**Brief:** Below, find the line containing "Set de masă" and the line containing "不过,做地陪也不像吃瓜群众想"; reproduce exactly those two and every line between them, omitting pictures.

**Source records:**
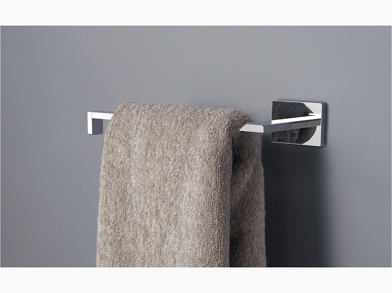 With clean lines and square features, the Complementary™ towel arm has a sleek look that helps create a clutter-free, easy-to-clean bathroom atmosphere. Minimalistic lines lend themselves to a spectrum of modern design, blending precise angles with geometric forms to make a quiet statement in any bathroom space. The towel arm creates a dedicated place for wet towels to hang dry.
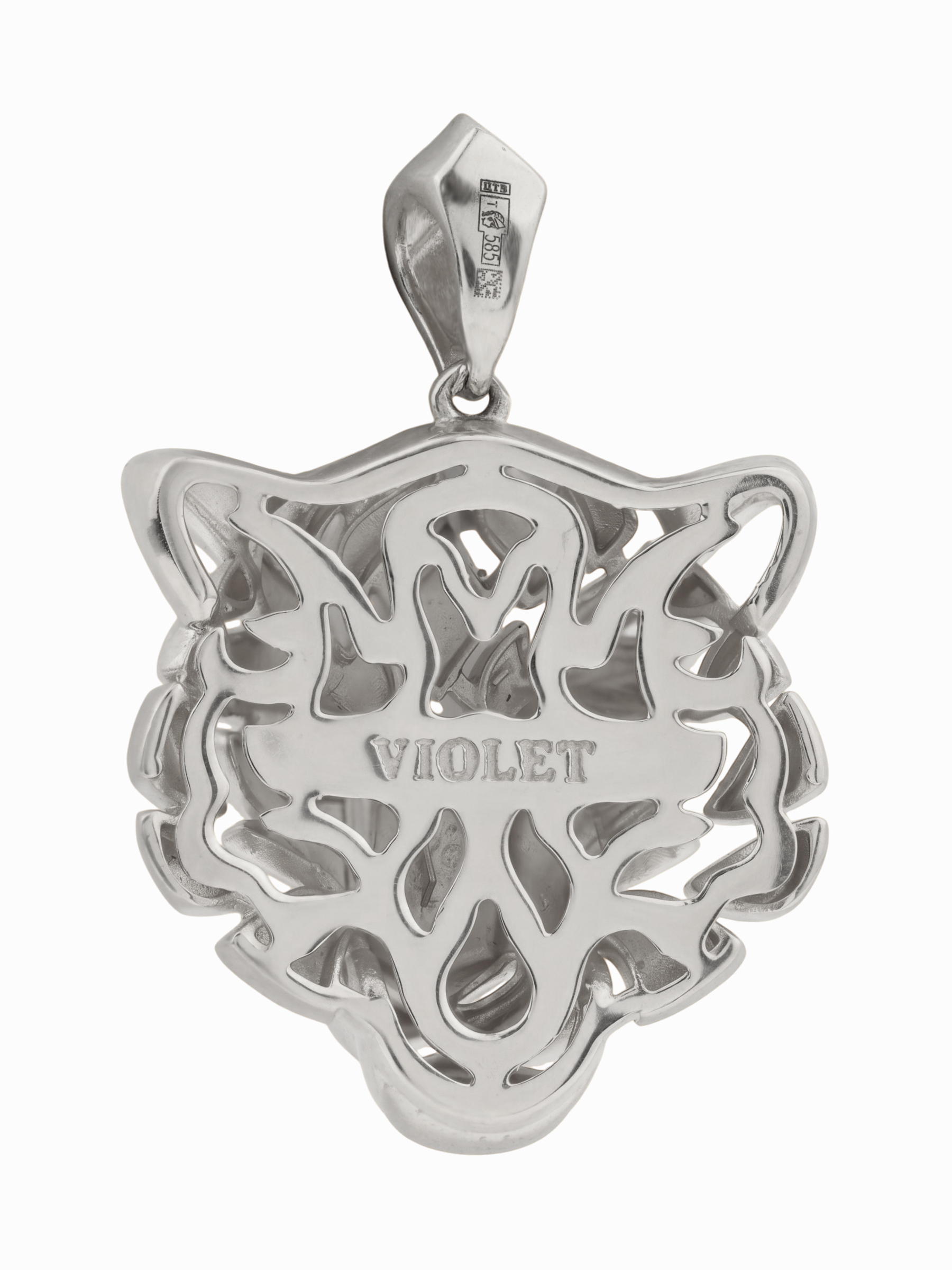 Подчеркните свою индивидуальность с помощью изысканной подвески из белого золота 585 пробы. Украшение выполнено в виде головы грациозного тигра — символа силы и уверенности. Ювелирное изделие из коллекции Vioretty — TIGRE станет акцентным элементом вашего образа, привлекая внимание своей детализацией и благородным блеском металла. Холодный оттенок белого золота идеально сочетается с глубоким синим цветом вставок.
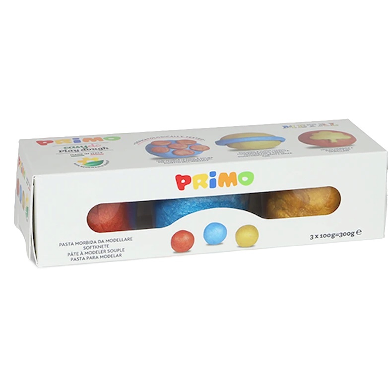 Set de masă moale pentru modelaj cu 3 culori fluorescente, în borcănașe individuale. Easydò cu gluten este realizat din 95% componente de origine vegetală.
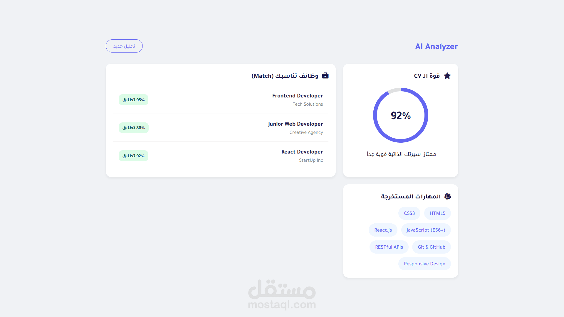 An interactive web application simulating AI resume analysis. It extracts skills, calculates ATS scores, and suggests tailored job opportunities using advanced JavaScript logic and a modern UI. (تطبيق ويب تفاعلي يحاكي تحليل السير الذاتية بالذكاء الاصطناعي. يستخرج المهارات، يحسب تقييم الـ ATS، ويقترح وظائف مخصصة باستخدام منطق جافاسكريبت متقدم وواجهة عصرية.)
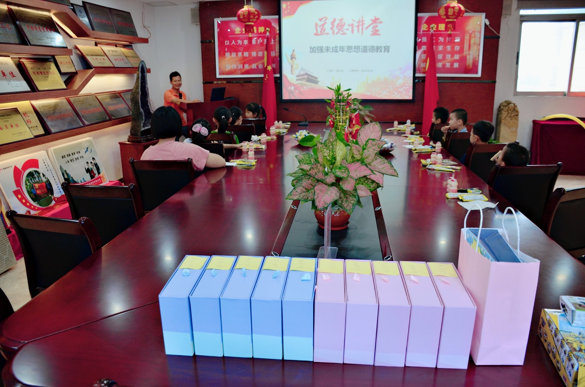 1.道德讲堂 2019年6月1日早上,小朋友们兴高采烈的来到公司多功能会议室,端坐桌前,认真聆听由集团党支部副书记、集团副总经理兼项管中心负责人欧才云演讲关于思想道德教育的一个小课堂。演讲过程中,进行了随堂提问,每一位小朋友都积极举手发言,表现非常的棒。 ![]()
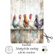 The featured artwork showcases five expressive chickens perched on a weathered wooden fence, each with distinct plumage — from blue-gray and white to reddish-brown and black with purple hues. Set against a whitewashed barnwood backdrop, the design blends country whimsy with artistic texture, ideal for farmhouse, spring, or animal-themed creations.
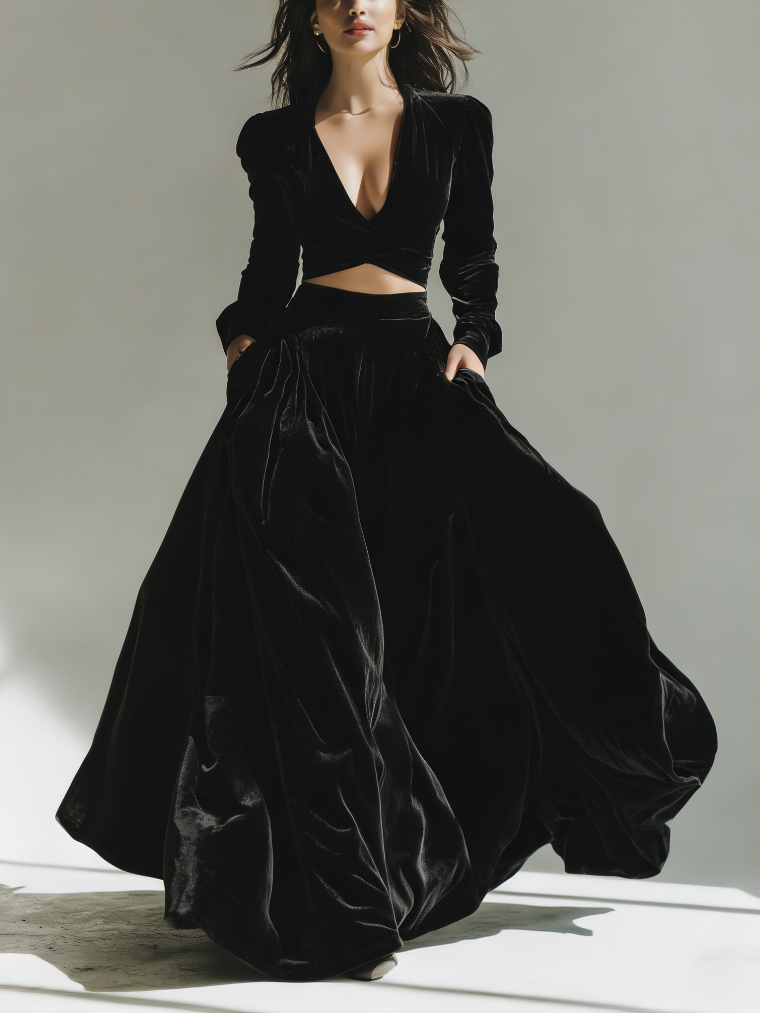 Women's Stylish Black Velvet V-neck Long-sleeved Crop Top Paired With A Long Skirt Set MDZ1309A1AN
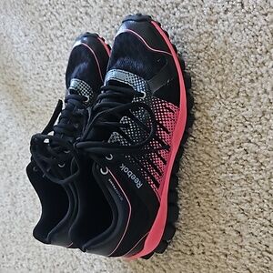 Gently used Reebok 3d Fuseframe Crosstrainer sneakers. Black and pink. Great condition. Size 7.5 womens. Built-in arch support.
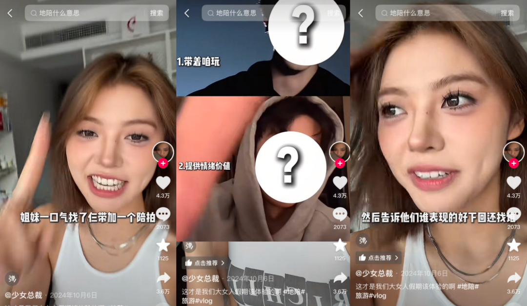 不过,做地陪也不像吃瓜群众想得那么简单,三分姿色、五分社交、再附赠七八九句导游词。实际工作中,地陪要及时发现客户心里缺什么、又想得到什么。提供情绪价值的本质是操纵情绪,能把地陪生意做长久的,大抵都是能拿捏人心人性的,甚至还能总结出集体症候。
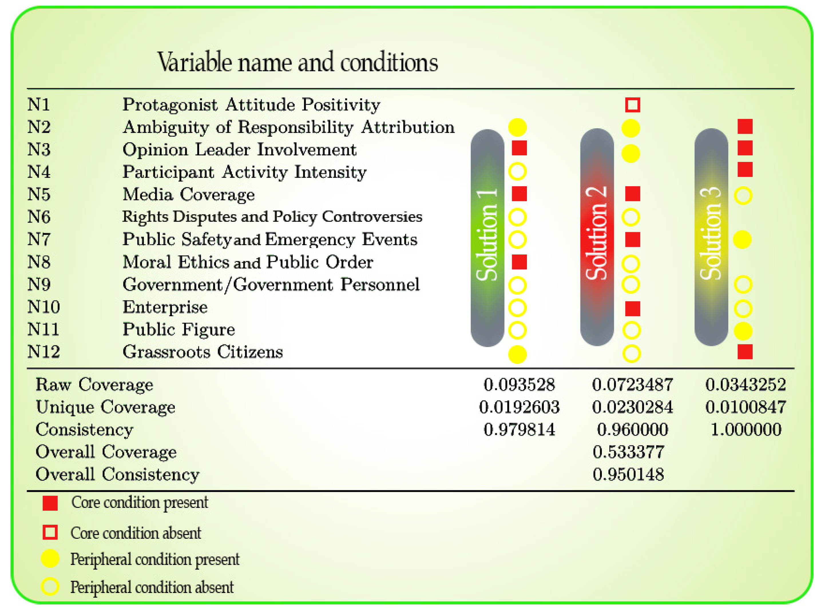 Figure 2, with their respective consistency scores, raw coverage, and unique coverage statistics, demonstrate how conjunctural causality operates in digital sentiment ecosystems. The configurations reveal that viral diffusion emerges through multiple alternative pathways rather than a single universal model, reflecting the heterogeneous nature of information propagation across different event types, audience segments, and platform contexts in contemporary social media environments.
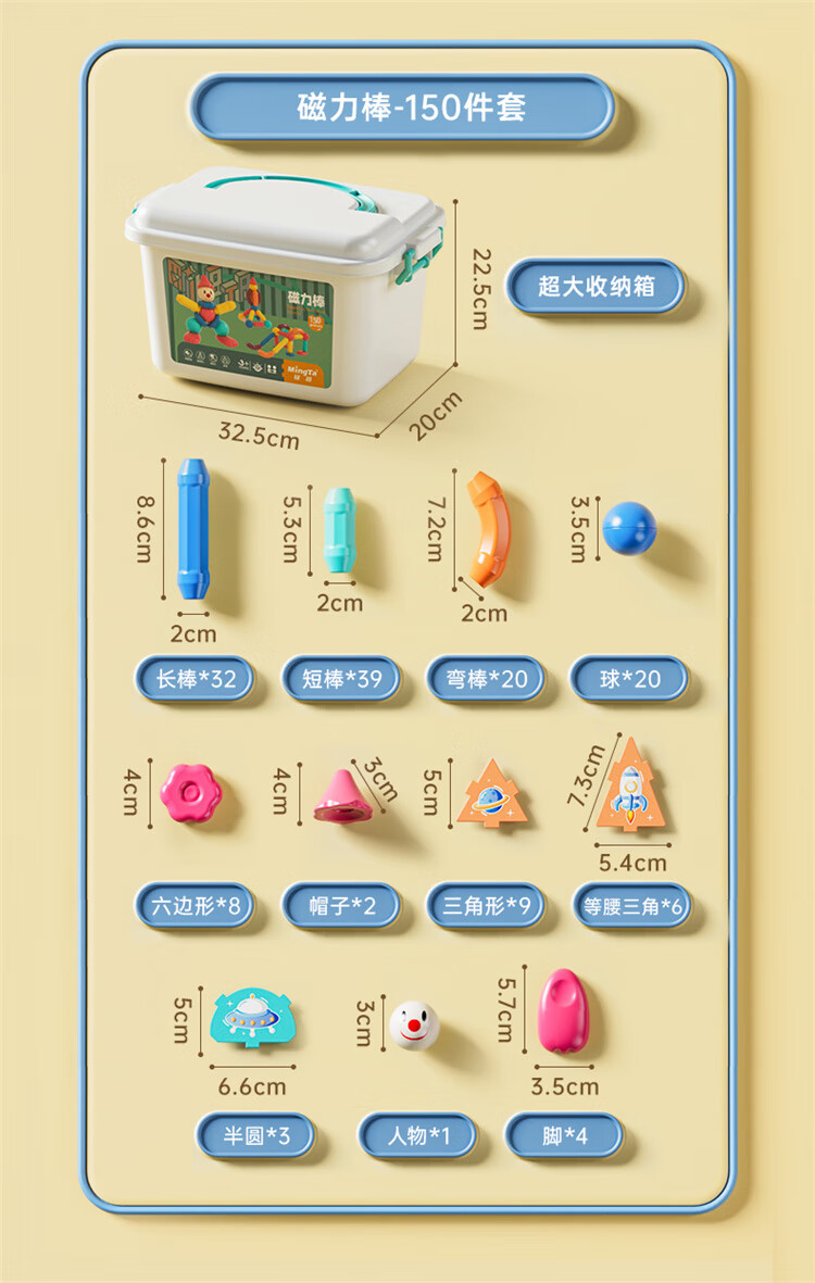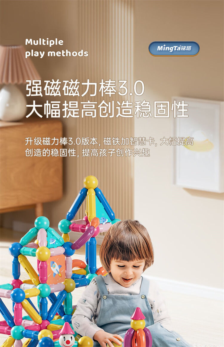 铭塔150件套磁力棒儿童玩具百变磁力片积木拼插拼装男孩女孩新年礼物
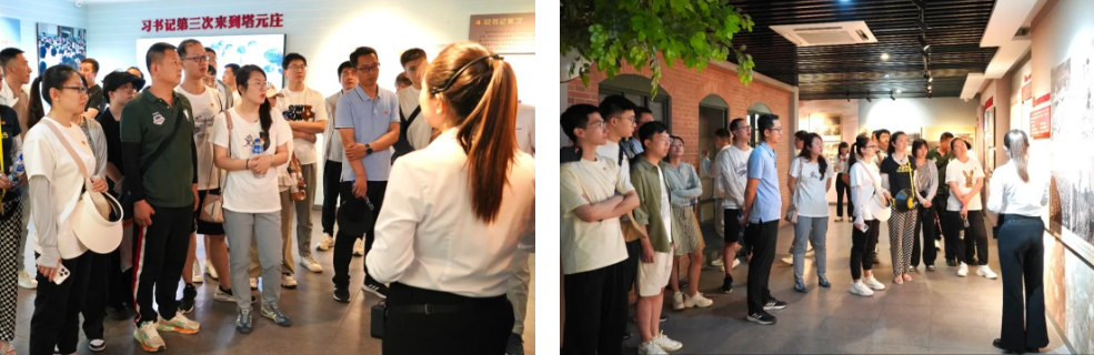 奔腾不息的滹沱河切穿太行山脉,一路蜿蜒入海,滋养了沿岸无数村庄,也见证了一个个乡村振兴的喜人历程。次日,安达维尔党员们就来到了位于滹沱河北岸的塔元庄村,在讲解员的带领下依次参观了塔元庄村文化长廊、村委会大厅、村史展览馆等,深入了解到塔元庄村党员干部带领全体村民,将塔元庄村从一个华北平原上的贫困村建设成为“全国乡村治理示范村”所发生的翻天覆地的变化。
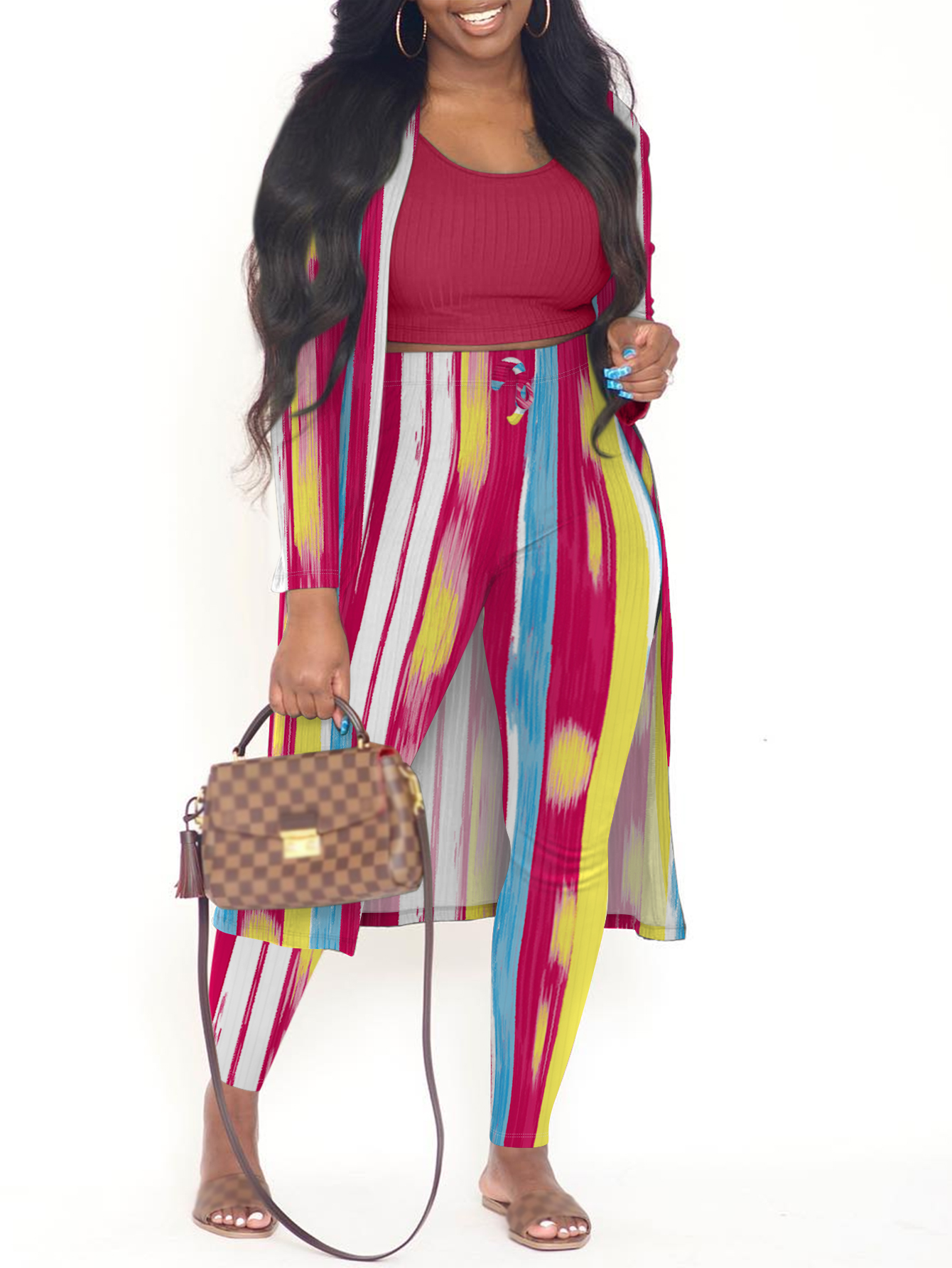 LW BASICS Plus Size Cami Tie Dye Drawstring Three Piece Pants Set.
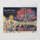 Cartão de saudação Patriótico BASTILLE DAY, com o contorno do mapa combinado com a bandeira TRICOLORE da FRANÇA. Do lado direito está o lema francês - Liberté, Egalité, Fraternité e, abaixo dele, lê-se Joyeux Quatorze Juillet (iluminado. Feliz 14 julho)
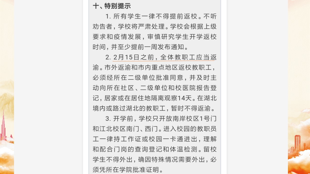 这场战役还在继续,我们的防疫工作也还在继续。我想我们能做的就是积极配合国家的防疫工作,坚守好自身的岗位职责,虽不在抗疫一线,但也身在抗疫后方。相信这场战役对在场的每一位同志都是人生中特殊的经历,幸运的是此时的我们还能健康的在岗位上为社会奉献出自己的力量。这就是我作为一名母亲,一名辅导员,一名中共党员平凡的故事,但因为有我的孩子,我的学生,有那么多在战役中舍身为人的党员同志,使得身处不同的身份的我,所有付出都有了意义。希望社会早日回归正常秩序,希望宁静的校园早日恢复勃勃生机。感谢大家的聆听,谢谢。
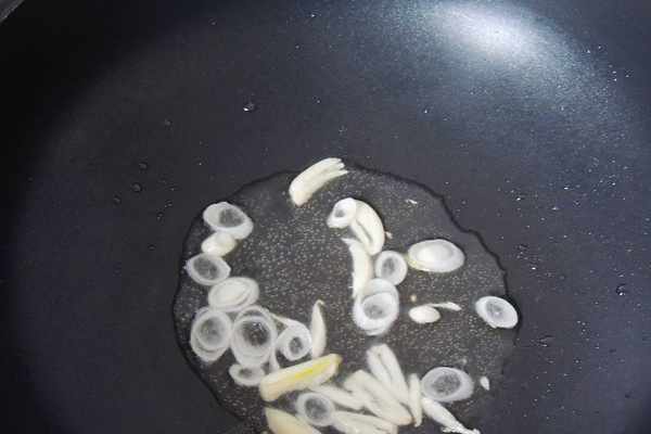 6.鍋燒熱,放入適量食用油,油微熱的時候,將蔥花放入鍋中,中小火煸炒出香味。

**Answer to the problem:**
 Set de masă moale pentru modelaj cu 3 culori fluorescente, în borcănașe individuale. Easydò cu gluten este realizat din 95% componente de origine vegetală.
 An interactive web application simulating AI resume analysis. It extracts skills, calculates ATS scores, and suggests tailored job opportunities using advanced JavaScript logic and a modern UI. (تطبيق ويب تفاعلي يحاكي تحليل السير الذاتية بالذكاء الاصطناعي. يستخرج المهارات، يحسب تقييم الـ ATS، ويقترح وظائف مخصصة باستخدام منطق جافاسكريبت متقدم وواجهة عصرية.)
 1.道德讲堂 2019年6月1日早上,小朋友们兴高采烈的来到公司多功能会议室,端坐桌前,认真聆听由集团党支部副书记、集团副总经理兼项管中心负责人欧才云演讲关于思想道德教育的一个小课堂。演讲过程中,进行了随堂提问,每一位小朋友都积极举手发言,表现非常的棒。 ![]()
 The featured artwork showcases five expressive chickens perched on a weathered wooden fence, each with distinct plumage — from blue-gray and white to reddish-brown and black with purple hues. Set against a whitewashed barnwood backdrop, the design blends country whimsy with artistic texture, ideal for farmhouse, spring, or animal-themed creations.
 Women's Stylish Black Velvet V-neck Long-sleeved Crop Top Paired With A Long Skirt Set MDZ1309A1AN
 Gently used Reebok 3d Fuseframe Crosstrainer sneakers. Black and pink. Great condition. Size 7.5 womens. Built-in arch support.
 不过,做地陪也不像吃瓜群众想得那么简单,三分姿色、五分社交、再附赠七八九句导游词。实际工作中,地陪要及时发现客户心里缺什么、又想得到什么。提供情绪价值的本质是操纵情绪,能把地陪生意做长久的,大抵都是能拿捏人心人性的,甚至还能总结出集体症候。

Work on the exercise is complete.